Data items
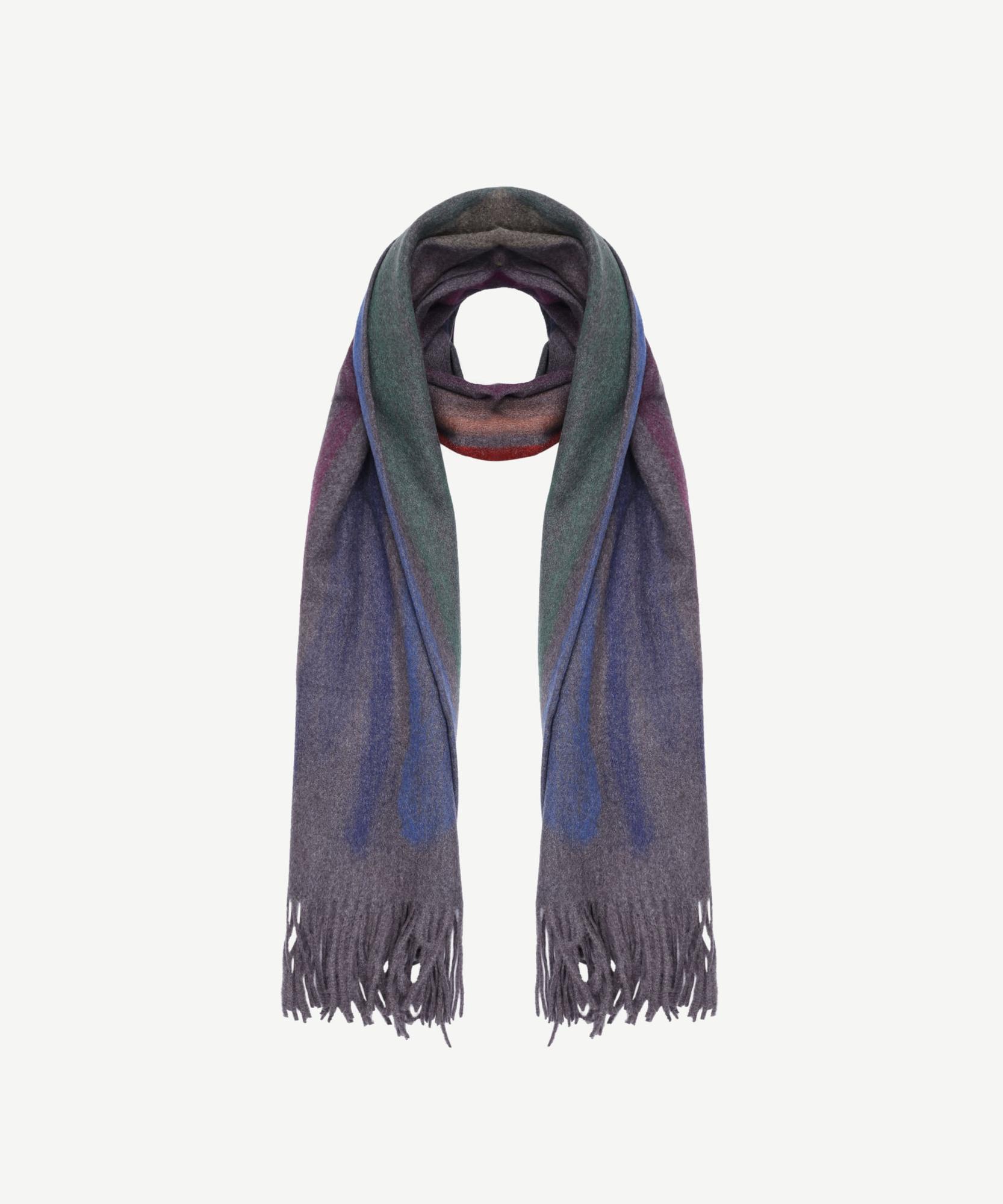 Mor, yeşil ve lacivert tonlarının yumuşak geçişlerle harmanlandığı bu şal, puslu bir kış gününün renk paletini andırıyor. Desenlerindeki akışkan formlar ve püskül detaylarıyla sade ama karakterli bir görünüm sunar. Soğuk havalarda hem sıcak kalmak hem de stil sahibi görünmek isteyenler için zamansız ve rafine bir parça.
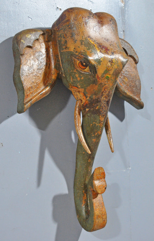 Hand Carved Wooden Wall Décor Elephant Head Bust Figurine Fine Hand Painted
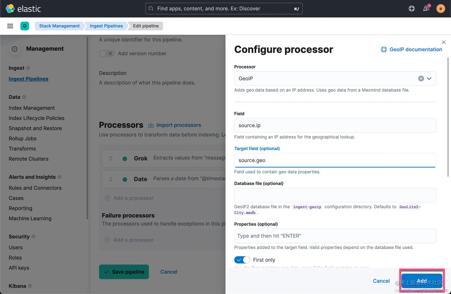我们可以使用 GeoIP processor 来找到发生请求的地方在哪里。 我们仿照上面的步骤,添加 geoip processor。我们针对 source.ip 字段来操作:
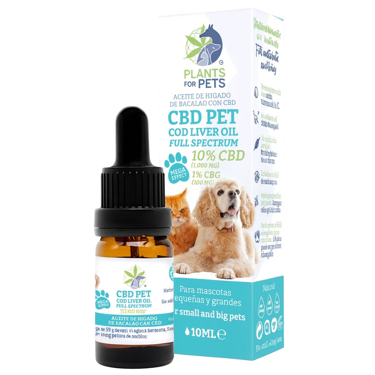 Plants for Pets CBD Aceite de Hígado de Bacalao de Espectro Completo es un aceite tópico aromático para mascotas presentado en un compacto frasco cuentagotas de 10 ml. Combina CBD de espectro completo derivado del cáñamo con aceite de hígado de bacalao para crear una fórmula suave y fácil de aplicar de estilo cosmético, adecuada para uso tópico y exhibición minorista dentro de las categorías de cuidado de mascotas que cumplan con la normativa.
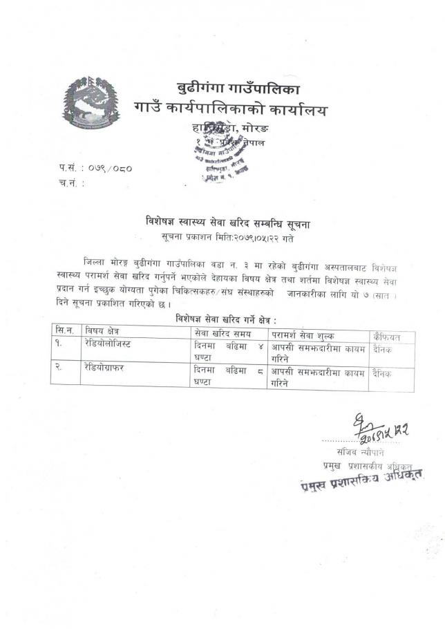 विशेषज्ञ स्वास्थ्य सेवा खरिद सम्बन्धि सूचना
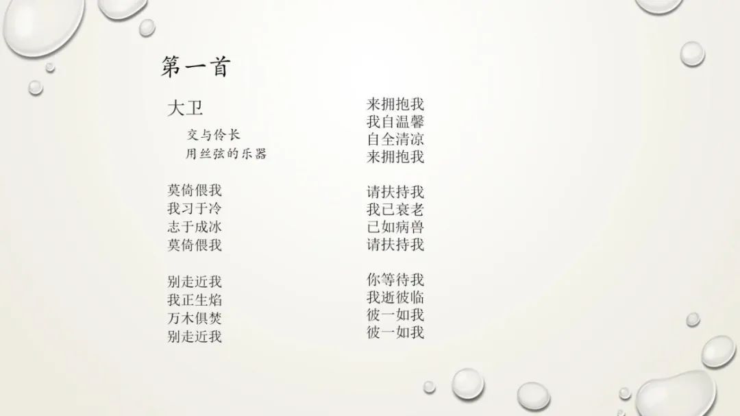 《大卫》这首诗的妙趣,在于“既是《诗经》,又是《圣经》”的奇妙互文。童明指出,诗中“大卫”是《圣经-诗篇》的叙述者;副标题借用了《诗篇》的格式,而“丝弦乐器”带有中国民乐元素。这样,既保留了大卫对神倾诉的口吻(如《诗篇》中“我的上帝,为何遗弃我”的抱怨与依赖),又注入了东方文化中含蓄的情感表达(如“我自温馨,自全清凉”等),两种文明在同一首诗里共存,相映成辉。
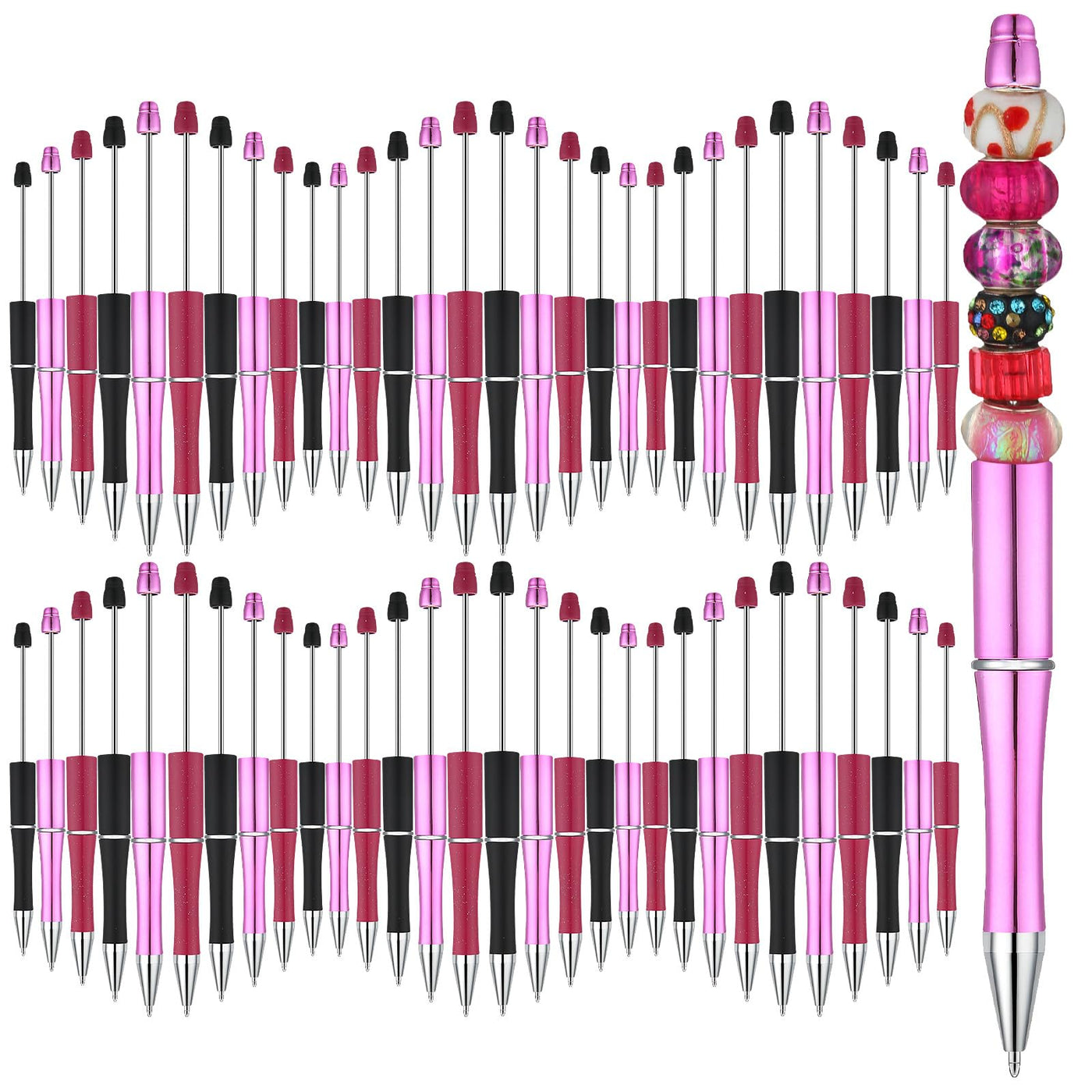 Kosiz 60 Pieces Plastic Beadable Pen Beaded Black Ink Ballpoint Pens For Kids Students Presents Office School Supplies(Black, Pi
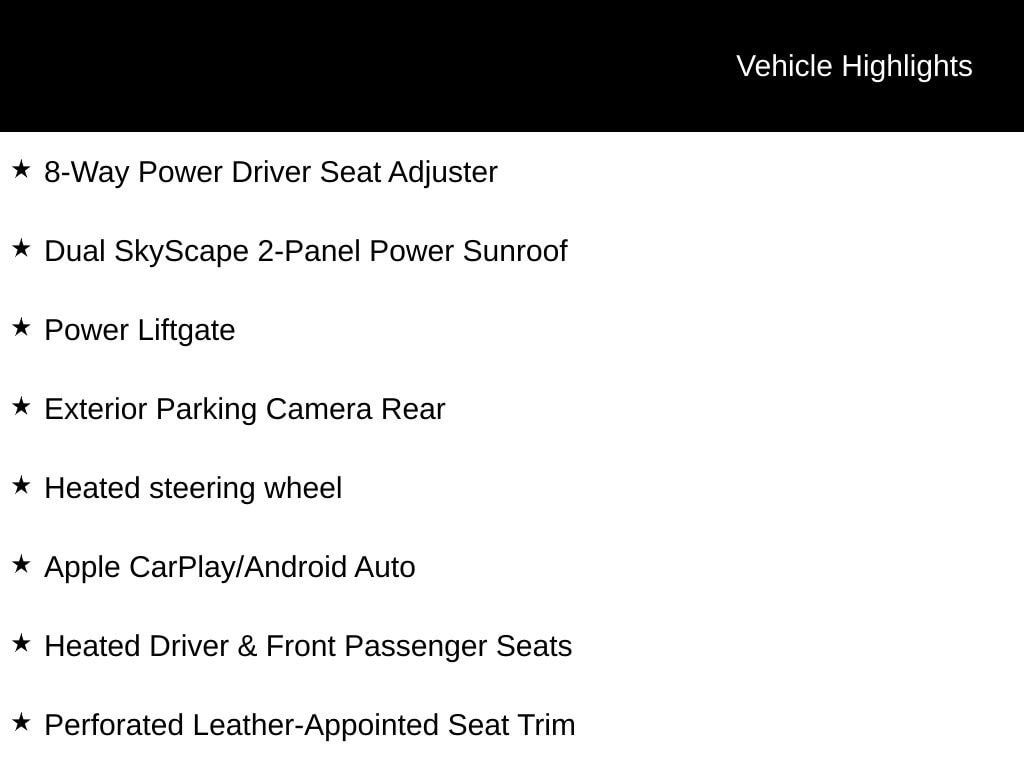 - Dual SkyScape® 2-panel power sunroof:
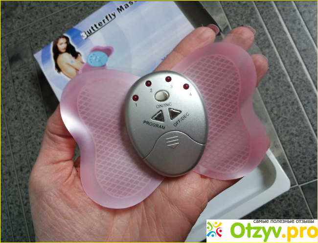 Милая с виду бабочка — устройство легкое, не тяжелое, удобно присоединяется к телу. Различие цветов миостимулятора позволяет выбрать желаемый окрас прибора и использовать его получая помимо пользы еще и визуальное удовольствие.

§ Your objective
Give back all the records as they stand, but with no pictures in the copy.

§ Answer below
 Mor, yeşil ve lacivert tonlarının yumuşak geçişlerle harmanlandığı bu şal, puslu bir kış gününün renk paletini andırıyor. Desenlerindeki akışkan formlar ve püskül detaylarıyla sade ama karakterli bir görünüm sunar. Soğuk havalarda hem sıcak kalmak hem de stil sahibi görünmek isteyenler için zamansız ve rafine bir parça.
 Hand Carved Wooden Wall Décor Elephant Head Bust Figurine Fine Hand Painted
我们可以使用 GeoIP processor 来找到发生请求的地方在哪里。 我们仿照上面的步骤,添加 geoip processor。我们针对 source.ip 字段来操作:
 Plants for Pets CBD Aceite de Hígado de Bacalao de Espectro Completo es un aceite tópico aromático para mascotas presentado en un compacto frasco cuentagotas de 10 ml. Combina CBD de espectro completo derivado del cáñamo con aceite de hígado de bacalao para crear una fórmula suave y fácil de aplicar de estilo cosmético, adecuada para uso tópico y exhibición minorista dentro de las categorías de cuidado de mascotas que cumplan con la normativa.
 विशेषज्ञ स्वास्थ्य सेवा खरिद सम्बन्धि सूचना
 《大卫》这首诗的妙趣,在于“既是《诗经》,又是《圣经》”的奇妙互文。童明指出,诗中“大卫”是《圣经-诗篇》的叙述者;副标题借用了《诗篇》的格式,而“丝弦乐器”带有中国民乐元素。这样,既保留了大卫对神倾诉的口吻(如《诗篇》中“我的上帝,为何遗弃我”的抱怨与依赖),又注入了东方文化中含蓄的情感表达(如“我自温馨,自全清凉”等),两种文明在同一首诗里共存,相映成辉。
 Kosiz 60 Pieces Plastic Beadable Pen Beaded Black Ink Ballpoint Pens For Kids Students Presents Office School Supplies(Black, Pi
 - Dual SkyScape® 2-panel power sunroof:
 Милая с виду бабочка — устройство легкое, не тяжелое, удобно присоединяется к телу. Различие цветов миостимулятора позволяет выбрать желаемый окрас прибора и использовать его получая помимо пользы еще и визуальное удовольствие.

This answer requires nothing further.